TASK PROMPT: Restate the records below exactly. Pictures are not part of the copy.

EXERCISE INPUTS:

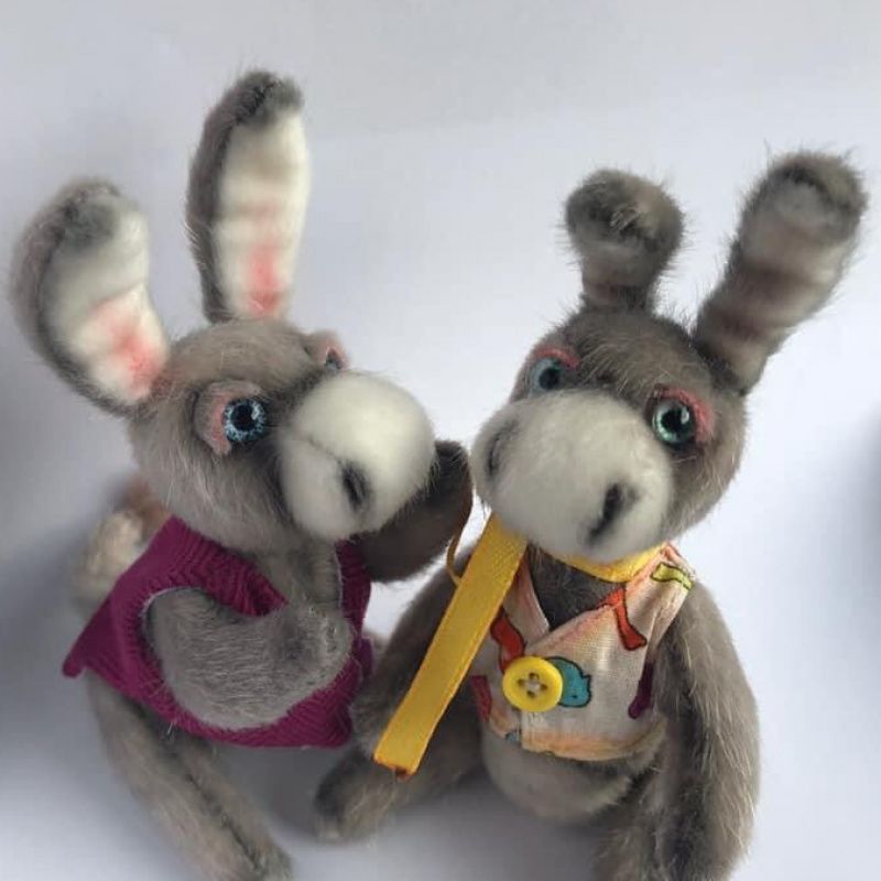 Осел с подвижными ножками, ручками. Глаза стеклянные.
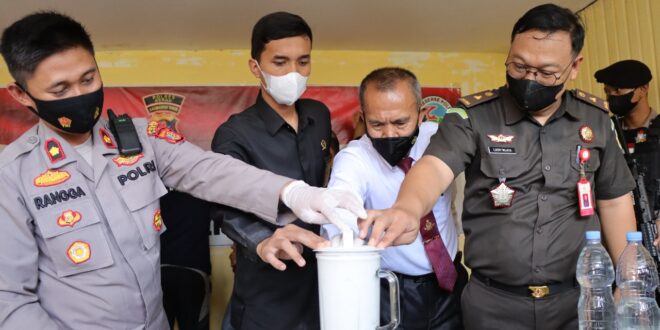 Berau – Sebanyak 144,456 gram narkotika jenis sabu-sabu diblender oleh Satresnarkoba Polres Berau dalam giat pemusnahan di Ruang Konferensi Pers Polres Berau, Kamis (10/11/2022).
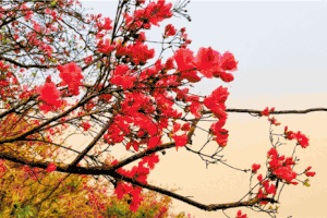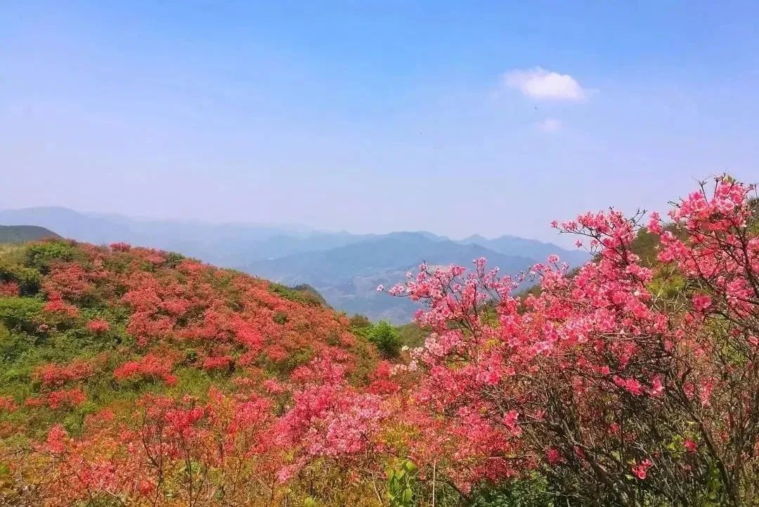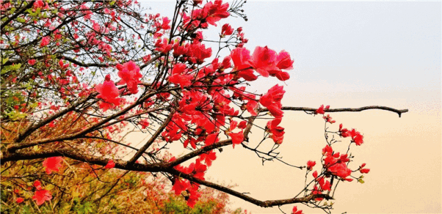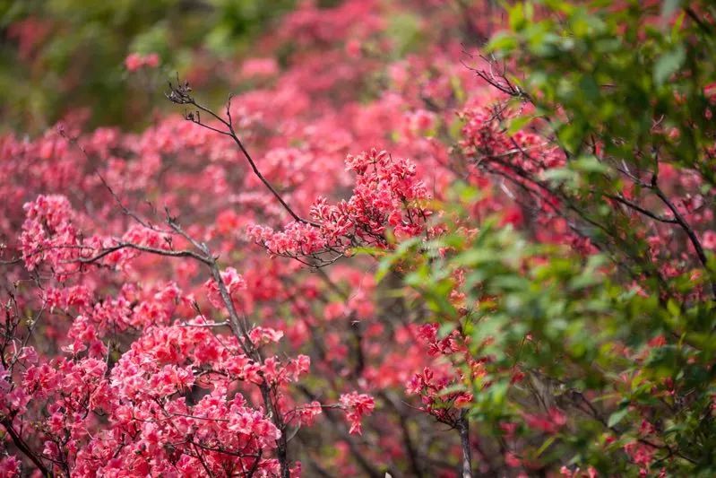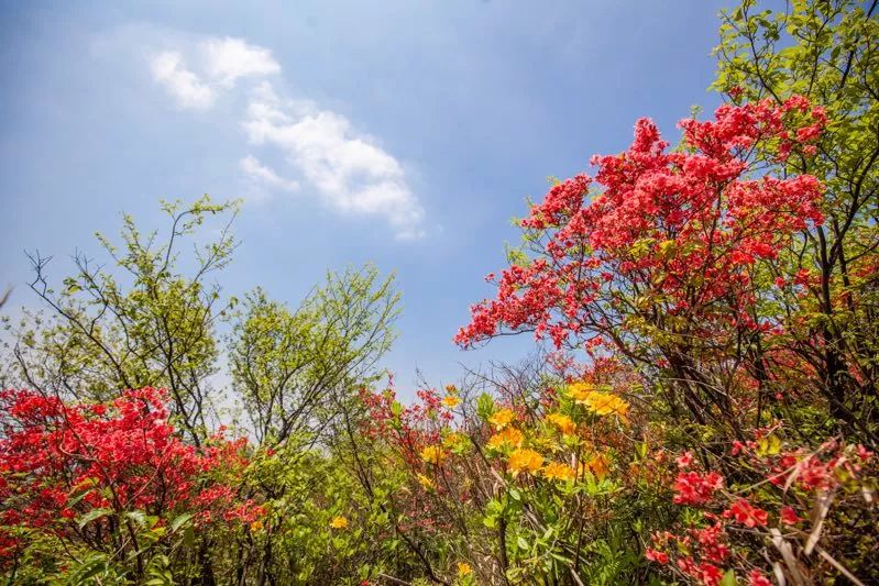 餐后 驱车从160多米海拔的合岭水库开始往上,一直到860多米海拔的山顶,漂亮的风景,无人无车的乡间小道,满山的毛竹,你肯定会爱上这里。阳田山上探寻一大片杜鹃花海,红艳艳的压在山头、嵌在山中。越过一个山头,火红的杜鹃花中惊现了一丛丛黄色的杜鹃花身影,在这片“火海”中异常夺目。
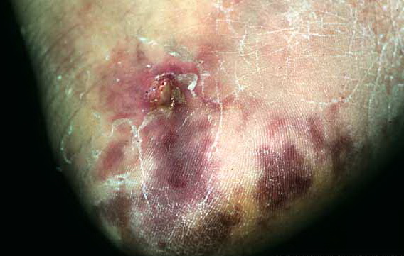 Acrocyanosis or blue toe syndrome: Occurring in 28% of patients, this is a characteristic blue-black or violaceous discoloration of the distal extremities. The lesions are painful, discolored, or even necrotic from ischemia. Blue toe syndrome, a term coined by Karmody et al,11 refers to acute digital ischemia caused by microembolism from the distal aorta, iliac artery, or femoral artery
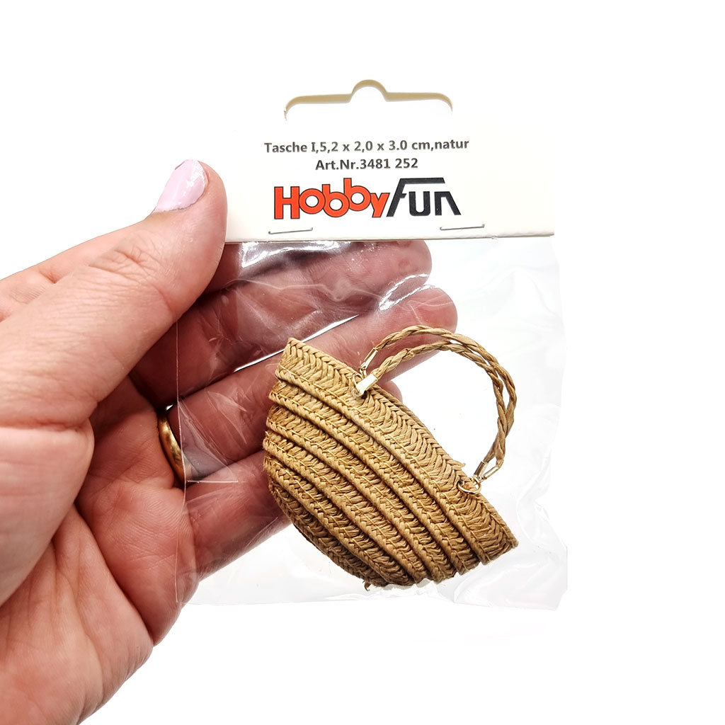 Flätad strandväska i miniformat för dig som älskar små miniatyrföremål. Perfekt till miniatyrvärld, fairy garden, nissebus, nissehus eller dockhus.
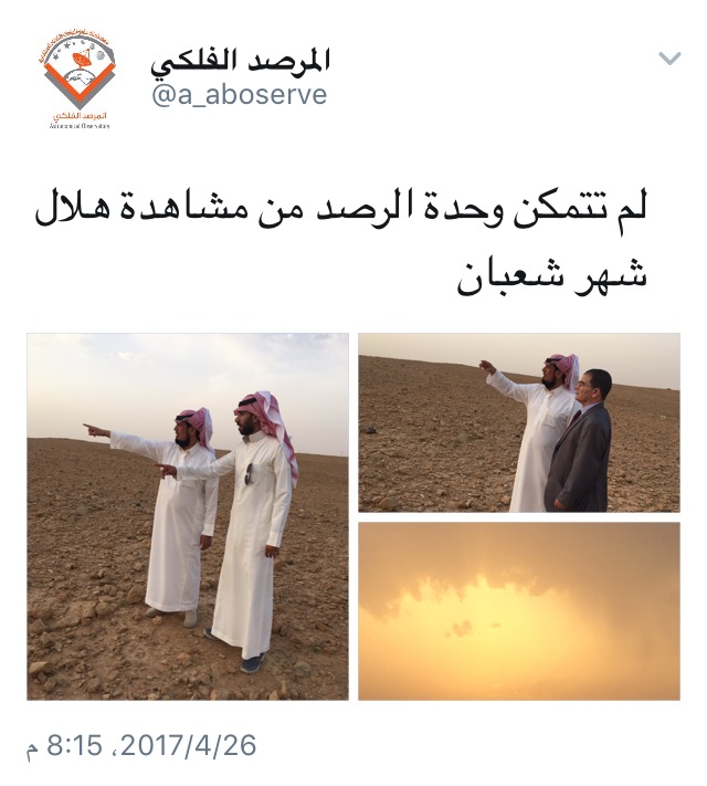 وقال المرصد عبر حسابه الرسمي على موقع التواصل الاجتماعي “تويتر”: “لم تتمكن وحدة الرصد من مشاهدة هلال شهر شعبان”.

WRITTEN REPLY:
 Осел с подвижными ножками, ручками. Глаза стеклянные.
 Berau – Sebanyak 144,456 gram narkotika jenis sabu-sabu diblender oleh Satresnarkoba Polres Berau dalam giat pemusnahan di Ruang Konferensi Pers Polres Berau, Kamis (10/11/2022).
 餐后 驱车从160多米海拔的合岭水库开始往上,一直到860多米海拔的山顶,漂亮的风景,无人无车的乡间小道,满山的毛竹,你肯定会爱上这里。阳田山上探寻一大片杜鹃花海,红艳艳的压在山头、嵌在山中。越过一个山头,火红的杜鹃花中惊现了一丛丛黄色的杜鹃花身影,在这片“火海”中异常夺目。
 Acrocyanosis or blue toe syndrome: Occurring in 28% of patients, this is a characteristic blue-black or violaceous discoloration of the distal extremities. The lesions are painful, discolored, or even necrotic from ischemia. Blue toe syndrome, a term coined by Karmody et al,11 refers to acute digital ischemia caused by microembolism from the distal aorta, iliac artery, or femoral artery
 Flätad strandväska i miniformat för dig som älskar små miniatyrföremål. Perfekt till miniatyrvärld, fairy garden, nissebus, nissehus eller dockhus.
 وقال المرصد عبر حسابه الرسمي على موقع التواصل الاجتماعي “تويتر”: “لم تتمكن وحدة الرصد من مشاهدة هلال شهر شعبان”.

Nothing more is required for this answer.